But what makes the show so special is its big heart, its voice-overs at start and finish (done by Vanessa Redgrave), its frequent insistence that it’s really all about love.

There is something so old-fashioned and inspiring and true about the show that watching it makes me feel like a slightly different (enlarged? more tolerant?) person.  Call the Midwife? For me, it’s Watch the Midwives.

(Historic dockyard Chatham where “Midwives” is filmed. Courtesy Flickriver)

Binge-Watch Weekend

Binge-Watch Weekend

The Oscars are less than a week away. The Netflix movies had been piling up. It was time for a binge-watch weekend.
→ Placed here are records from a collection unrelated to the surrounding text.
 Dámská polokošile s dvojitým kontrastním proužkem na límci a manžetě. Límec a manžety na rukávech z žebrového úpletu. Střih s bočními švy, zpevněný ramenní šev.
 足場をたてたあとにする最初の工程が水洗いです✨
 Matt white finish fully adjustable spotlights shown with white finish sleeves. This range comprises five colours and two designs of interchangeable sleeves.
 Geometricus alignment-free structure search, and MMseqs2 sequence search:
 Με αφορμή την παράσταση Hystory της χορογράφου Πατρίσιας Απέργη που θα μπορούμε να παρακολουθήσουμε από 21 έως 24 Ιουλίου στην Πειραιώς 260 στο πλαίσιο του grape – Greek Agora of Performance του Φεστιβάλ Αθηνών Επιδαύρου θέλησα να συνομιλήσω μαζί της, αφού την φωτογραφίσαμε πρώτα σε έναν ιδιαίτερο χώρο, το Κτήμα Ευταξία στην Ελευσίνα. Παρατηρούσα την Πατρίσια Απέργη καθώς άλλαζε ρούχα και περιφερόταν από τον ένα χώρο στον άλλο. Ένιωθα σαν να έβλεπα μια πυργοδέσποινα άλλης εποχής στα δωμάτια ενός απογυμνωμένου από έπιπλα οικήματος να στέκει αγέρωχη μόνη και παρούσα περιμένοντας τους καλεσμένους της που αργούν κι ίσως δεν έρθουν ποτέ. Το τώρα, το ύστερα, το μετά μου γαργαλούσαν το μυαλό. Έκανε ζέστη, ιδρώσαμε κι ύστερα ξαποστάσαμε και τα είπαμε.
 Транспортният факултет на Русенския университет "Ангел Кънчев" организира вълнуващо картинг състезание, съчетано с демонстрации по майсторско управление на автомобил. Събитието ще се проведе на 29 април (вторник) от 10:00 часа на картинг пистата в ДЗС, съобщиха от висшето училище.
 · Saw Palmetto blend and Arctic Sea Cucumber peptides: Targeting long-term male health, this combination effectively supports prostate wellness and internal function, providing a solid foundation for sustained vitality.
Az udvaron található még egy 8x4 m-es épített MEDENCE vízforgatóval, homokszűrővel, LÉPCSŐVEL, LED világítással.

It began with “Under the Sand,” a French drama with Charlotte Rampling. I’d like to see “45 Years” before next Sunday, so this was a Rampling appetizer of sorts. Next up was “Bridge of Spies,” a best picture nominee already available for rent on Amazon. It was long, as advertised, but because I was watching it in the basement, I could pause and come back an hour later to finish it.

“The Revenant” was the only film I saw in a theater last weekend. It was also long, as well as beautiful and brutal (also as advertised). After an evening of “Foxcatcher,” a 2014 film for which Steve Carrell was nominated for best actor, I ended the day with an hour of “The West Wing” with Celia and Suzanne.

Yesterday was the Steve Jobs biopic, also available to rent, and just before bedtime, the second-to-last Downton Abbey. It, quite frankly, made the whole binge-watching weekend worthwhile.

Power of the Press

Power of the Press

I saw the movie “Spotlight” with one of my favorite millennials. “It was a little slow,” she said as we walked out, providing the perfect opening for a (groan) story.

Not that things were wonderful back in the days when you looked at old newspaper articles on microfiche (mine inevitably got jammed) and did research by looking at actual physical books (sometimes they actually physically were not there).

But watching the movie reminded me of the excitement of reporting a long, complicated story, something you’d immerse yourself in for weeks or months, something you’d begin to dream about or wake up thinking about.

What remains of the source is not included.